Elle regarda tour à tour le Dragon Radggof de Hongrie, puis le Grand Duc d'Alembert de France, assis respectivement à sa gauche et à sa droite le long de la table de bois clair. Le regard qu'elle leur renvoyait été différent selon l'interlocuteur, et elle s'efforcer de montrer dans ce langage des yeux à quel point elle déposait sa confiance aux pieds de chacun d'eux. Ils étaient ses précieux alliés, presque ses amis. Elle était de leur côté, et elle ne voulait pas les perdre. Ils étaient essentiels. Après cette sorte de muet élan d'une hypocrite humilité, elle composa son visage pour se donner une majesté plus puissante encore que d'ordinaire et reprit :

– Vous vous demandez sans doute pourquoi le Chancelier Huggs n'est pas présent aujourd'hui. C'est peut-être parce qu'il est mort ; quoi que ça ne doit pas avoir beaucoup d'importance, étant donné que l'Allemagne n'a jugé nécessaire de nous prévenir.

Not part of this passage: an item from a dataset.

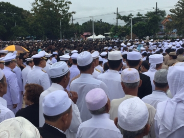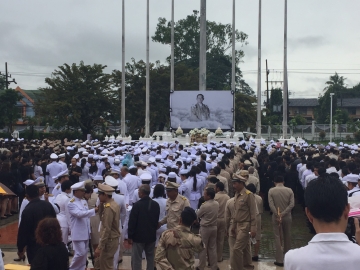 ผู้ว่าราชการจังหวัดกระบี่ ประธานกรรมการอิสลามประจำจังหวัดกระบี่นำพสกนิกรชาวจังหวัดกระบี่ ร่วมหมื่นแสดงความสำนึกในพระมหากรุณาธิคุณ ถวายอาลัยแด่พระบาทสมเด็จพระปรมินทรมหาภูมิพลอดุลยเดช ชาวกระบี่กล่าวแสดงความสำนึกในพระมหากรุณาธิคุณ ถวายอาลัยแด่พระบาทสมเด็จพระปรมินทรมหาภูมิพลอดุลยเดช เมื่อเวลา 09.30 น.วันนี้ (19 ต.ค.) ณ บริเวณสนามหน้าศาลากลางจังหวัดกระบี่ นายพินิจ บุญเลิศ ผู้ว่าราชการจังหวัดกระบี่ พร้อมด้วยข้าราชการ ทหาร ตำรวจ รัฐวิสาหกิจ องค์กรปกครองส่วนท้องถิ่น ผู้นำศาสนา ผู้นำชุมชน ประชาชน นักเรียน นักศึกษาในจังหวัดกระบี่ จำนวนกว่า 10,000 คน ได้มาร่วมพิธีกล่าวแสดงความสำนึกในพระมหากรุณาธิคุณ ถวายอาลัยแด่พระบาทสมเด็จพระปรมินทรมหาภูมิพลอดุลยเดช โดยผู้ที่มาร่วมพิธีได้ยืนสงบนิ่งอย่างพร้อมเพรียงตลอดพิธี ท่ามกลางสายฝนที่ตกลงมาโปรยปรายตลอดเวลา ชาวกระบี่กล่าวแสดงความสำนึกในพระมหากรุณาธิคุณ ถวายอาลัยแด่พระบาทสมเด็จพระปรมินทรมหาภูมิพลอดุลยเดช ภายในพิธี ผู้ว่าราชการจังหวัดกระบี่ ได้กล่าวนำพสกนิกรจังหวัดกระบี่ ขอให้สัตย์ปฏิญาณจะตั้งมั่นเจริญรอยตามพระยุคลบาท สืบสานพระราปณิธาน รู้รักสามัคคี เพื่อสร้างความเจริญรุ่งเรืองให้บ้านเมือง น้อมนำหลักปรัชญาเศรษฐกิจพอเพียงมาเป็นแนวทางในการดำเนินชีวิต มุ่งมั่นประกอบคุณงามความดี กตัญญูต่อแผ่นดิน เป็น คนกระบี่ดีทุกคน ตราบชีวิตจะหาไม่ ชาวกระบี่กล่าวแสดงความสำนึกในพระมหากรุณาธิคุณ ถวายอาลัยแด่พระบาทสมเด็จพระปรมินทรมหาภูมิพลอดุลยเดช นอกจากนี้ ผู้ว่าราชการจังหวัดกระบี่ ได้นำข้อความสำคัญในประวัติศาสตร์ของจังหวัดกระบี่ เมื่อครั้งพระบาทสมเด็จพระปรมินทรมหาภูมิมิพลอดุลยเดช ทรงเด็จพระราชดำเนินมายังจังหวัดกระบี่ เมื่อวันศุกร์ที่ 13 มีนาคม 2502 โดยทรงมีพระราชดำรัสว่า จังหวัดกระบี่สร้างขึ้นโดยประชาชน หวังว่าทุกคนจะช่วยกันต่อไป และจังหวัดนี้เชื่อว่าเป็นนิมิตดี เพราะช้างเผือกที่ได้รับ มาจากจังหวัดนี้

Viola profita de l'instant de silence qui s'ensuivit pour étudier les visages lui faisant face. Les sourcils marron du Grand Duc s'arquèrent de pure surprise, presque de choc ; sa bouche s'ouvrit grand, mais aucun son n'en sortit. Sa mâchoire tomba presque, et il porta une main nerveuse à sa moustache magnifiquement taillée. Le Dragon, quant à lui, clignait des paupières grossièrement et tentant un petit bruit étouffé qui manquait totalement de naturellement. Il se rattrapa tant bien que mal en lâchant un "quoi ?" un peu trop haut – mais il n'était vraiment pas habitué à ce genre de situation, et son manque de naturel le perdit immédiatement aux yeux de S. M. Pourtant, elle ne lui en fit pas la réflexion ; elle se contenta de cocher une petite case dans l'une de ses nombreuses listes mentales.

– Messieurs, vous l'aurez compris, l'Allemagne est tombée bien bas. Elle est tombée entre les mains d'un tigre immonde, mais cependant fort lâche, car il n'a pas osé se présenter ici : le Chancelier Grott. Il est vicieux, sans morale ; il m'a insultée, il a manqué à nos lois, il m'a renvoyé la tête du diplomate qui était parti le voir le jour où j'ai appris sa montée au pouvoir – et surtout, il est gourmand, et il entend bien modifier à sa guise tous nos accords pour s'approprier la plus grosse part du gâteau. Ces accords, messieurs, sont le résultat d'un long travail d'entente, et je ne puis souffrir qu'un jeune blanc-bec de sa trempe vienne les bouleverser. Ce n'est pas seulement contre lui que se tourne ma fureur, que dis-je, ma haine ; c'est contre tout le peuple allemand, qui ne nous a pas prévenu de la mort d'un souverain que je pleure encore, et qui ne nous a pas accordé la voix auquel nous avions droit dans le choix d'un nouveau représentant. Et si nous sommes aujourd'hui à nouveau réunis dans la Salle du Conseil de Sorrowbridge Island, c'est parce que l'heure est grave. Cette situation est intolérable, nous avons déjà toléré les vils agissements de Grott bien trop longtemps. D'Alembert, Radggof, mes frères, nous entrons aujourd'hui en guerre avec notre ancien allié, avec ce pays qui pendant si longtemps fut comme une seconde patrie pour moi. Cette séparation sera dure, mais il faut pourchasser l'ivraie, et c'est sans regret que corps et âme je plongerai dans la bataille. Ce combat est nécessaire ; aussi entrons-nous immédiatement en guerre avec l'Allemagne.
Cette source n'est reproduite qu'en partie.